Municipality of Bahia, Brazil

Casa Nova is a Brazilian municipality in the state of Bahia in the semi-arid northeast part of the country, called the Nordeste in Portuguese. In 2026, 76,416 inhabitants were estimated to reside within the jurisdiction. The city is aligned with agricultural and livestock trade and supports a developing fresh water beach tourism location at the Dunas do Velho Chico on the Sobradinho Reservoir.

==History==
The city was founded in 1879 along the historical alignment of the São Francisco River. Part of its early development was focused on the discovery and commercialization of salt in the nineteenth century. Workers scraped salt-bearing earth from patches of dry, clay-rich alluvial ground and leached it in troughs of water to produce brine which was dried to recover the salt. Salt was traded across the region using river boats as a primary transportation mode.

The 1930s brought the Pau de Colher movement to the region which led to the 1938 Pau De Colher Massacre in the northwest boundary area of the Casa Nova municipality with the Brazilian state of Piaui.
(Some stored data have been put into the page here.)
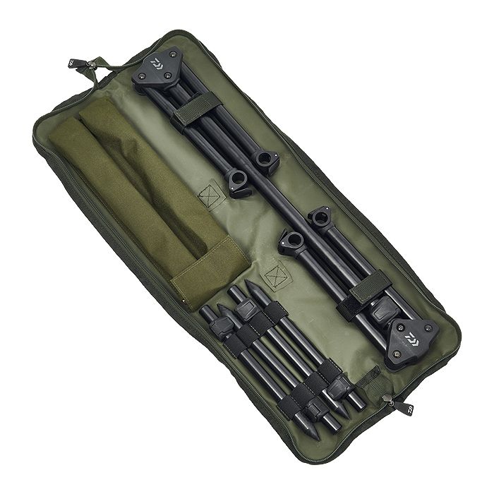 Das leichte, klassische Low-Level Black Widow Rod Pod kann schnell und einfach aufgebaut werden und steht sehr stabil am Boden. Mit 4 einstellbaren Banksticks und Buzzer Bars mit Messinggewinde für 3 Bissanzeiger. Wird mit Transporttasche geliefert.
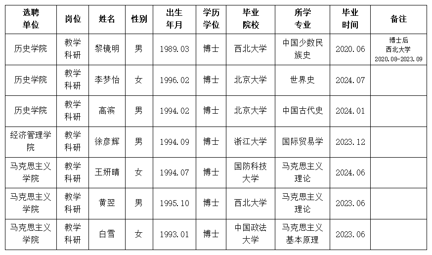 经用人单位推荐,人力资源部审查,学校教学督导及院系相关专家考核,bat365官网拟确定下列人员来校工作。本着公平、公正、公开的原则,现将本次拟选聘人员基本情况公示如下:
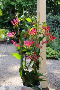 • Glorióza (Gloriosa neboli popínavá lilie) je skvělou volbou pro ty, kteří touží po exotickém nádechu. Ohnivé květy jako by se vznášely nad listím, čímž dodávají slunným i stinným místům hravý nádech.
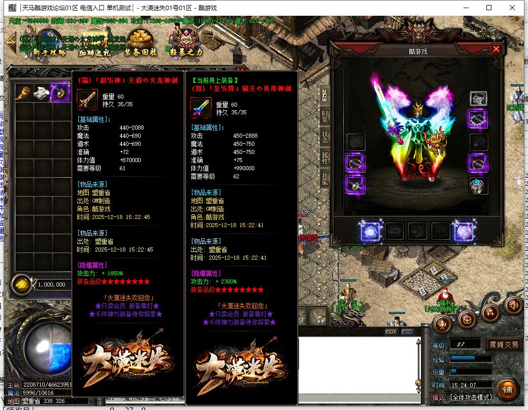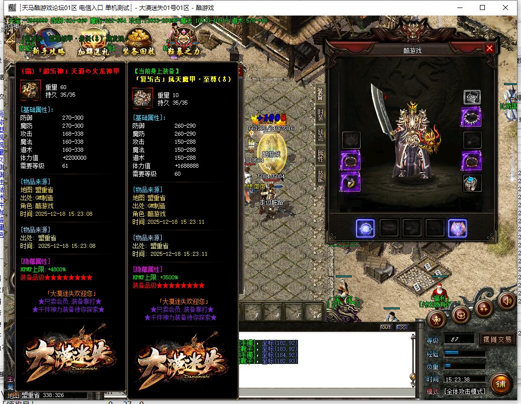 本服还原干净聊天框,无垃圾信息及回收提示,商铺不售材料全靠打怪,永久回收物品均由怪物爆出。游戏问题可QQ群联系客服完美解答,无论是否消费均用心服务,所有玩家公平对待。交易安全需通过商铺RMB点交易,提现手续费仅10%;私下交易一经查实封号并清除提现记录;禁止自动刷屏、骂人小号占安全区,违者警告或封号;严禁加速脱机外挂,发现必删永不解封。
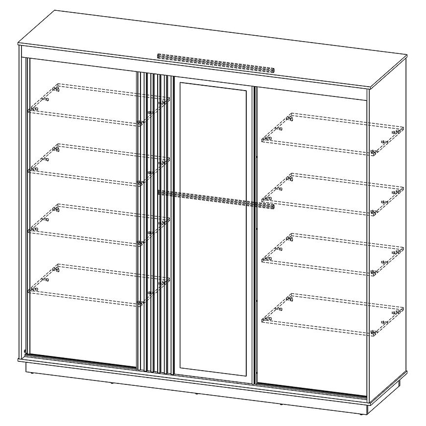 Drzwi i lustro: Szafa Lamelo wyposażona jest w uchylne drzwi, które zapewniają łatwy dostęp do wnętrza szafy. Zintegrowane lustro na jednym z frontów nie tylko dodaje elegancji, ale również praktyczności, umożliwiając szybkie sprawdzenie wyglądu przed wyjściem z domu.
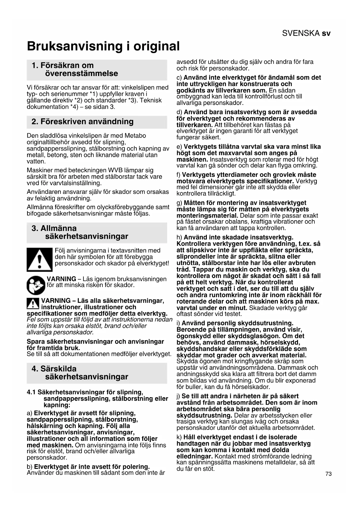 Bruksanvisning i original Vi försäkrar och tar ansvar för att: vinkelslipen med typ- och serienummer *1) uppfyller kraven i gällande direktiv *2) och standarder *3). Teknisk dokumentation *4) – se sidan 3. Den sladdlösa vinkelslipen är med Metabo originaltillbehör avsedd för slipning, sandpappersslipning, stålborstning och kapning av metall, betong, sten och liknande material utan vatten. Maskiner med beteckningen WVB lämpar sig särskilt bra för arbeten med stålborstar tack vare vred för varvtalsinställning. Användaren ansvarar själv för skador som orsakas av felaktig användning. Allmänna föreskrifter om olycksförebyggande samt bifogade säkerhetsanvisningar måste följas. Följ anvisningarna i textavsnitten med den här symbolen för att förebygga personskador och skador på elverktyget! VARNING – Läs igenom bruksanvisningen för att minska risken för skador. VARNING – Läs alla säkerhetsvarningar, instruktioner, illustrationer och specifikationer som medföljer detta elverktyg. Fel som uppstår till följd av att instruktionerna nedan inte följts kan orsaka elstöt, brand och/eller allvarliga personskador. Spara säkerhetsanvisningar och anvisningar för framtida bruk. Se till så att dokumentationen medföljer elverktyget.

In the 1970s, construction of the Sobradinho dam and hydroelectric project down river from Casa Nova resulted in the original city (now referred to as “Casa Nova Velha” in Portuguese or “Old Casa Nova” in English) to be flooded along with four other towns and cities as the Sobradinho Reservoir filled. The city and its population were relocated in 1976 and 1977 to higher ground north of the original location along the BR-235 roadway connecting points across northeast Brazil.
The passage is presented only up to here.